Missing Men of Saturn is a juvenile science fiction novel, published first in 1953, by astronomer and author Robert S. Richardson (as Philip Latham) with cover illustration by Alex Schomburg. The story concerns Dale Sutton's mission to the dreaded planet Saturn from which no one has ever returned. Missing Men of Saturn is a part of the Winston Science Fiction set, a series of juvenile novels which have become famous for their influence on young science fiction readers and their exceptional cover illustrations by award-winning artists.

Plot introduction
Dale Sutton, a recent graduate from the Space Academy, is assigned to the Albatross, a decrepit old spaceship. When the Albatross is assigned to explore the mysterious ringed planet Saturn, Dale remembers the story of Captain Dearborn who had commanded the first and last mission to Saturn.
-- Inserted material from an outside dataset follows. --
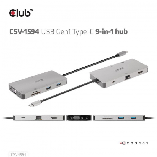 Rozbočovač Club 3D CSV-1594 USB Gen1 Type-C 9 v 1 s HDMI™, VGA, 2x USB Gen1 Type-A, RJ45, slotmi na karty SD/Micro SD a portom USB Gen1 Type-C Female predstavuje veľmi pokročilé a efektívne riešenie na rozšírenie jedného portu USB Gen1 Type-C na viac portov. Integruje video, dátové a napájacie porty, ktoré umožňujú pripojenie 2 displejov súčasne na sledovanie videí na väčšej obrazovke, pripojenie viacerých zariadení USB Gen1 na prenos dát rýchlosťou až 5 Gb/s, pripojenie zdroja Gigabit Ethernet na pripojenie počítača k superrýchlej sieti alebo pripojenie náhlavnej súpravy na počúvanie fantastickej hudby. Poskytuje tiež PD nabíjanie pre podporu až do max. 100W PD nabíjanie. Slúži na prevádzku tohto zariadenia a súčasné nabíjanie hostiteľa. Môže fungovať na všetkých DP™1.2 Podporované hostiteľské zariadenia USB Gen1 Type-C v režime Alt.
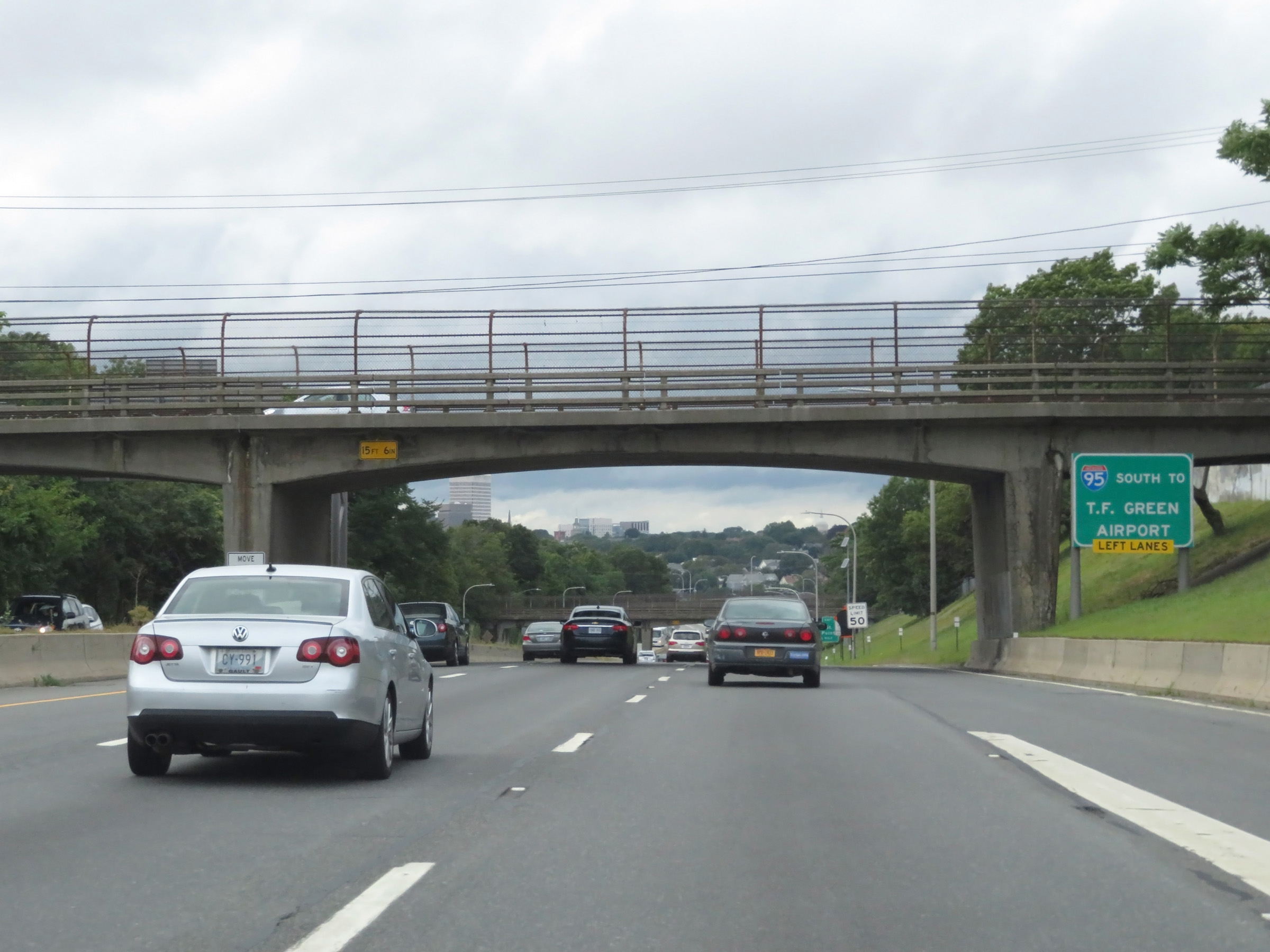 Traffic to T.F. Green Airport should keep left and follow Interstate 95 South. (Photo taken 8/5/17). |

When the Albatross reaches Saturn's moon Titan, the superstitious fears of the crew are realized as equipment begins to disappear, and eventually people.

Reception
New York Times reviewer Villiers Gerson praised the novel as "an excellent tale." P. Schuyler Miller identified it as the best of the early run of Winston juveniles, citing both its scientific accuracy and the relatively realistic stature of its hero.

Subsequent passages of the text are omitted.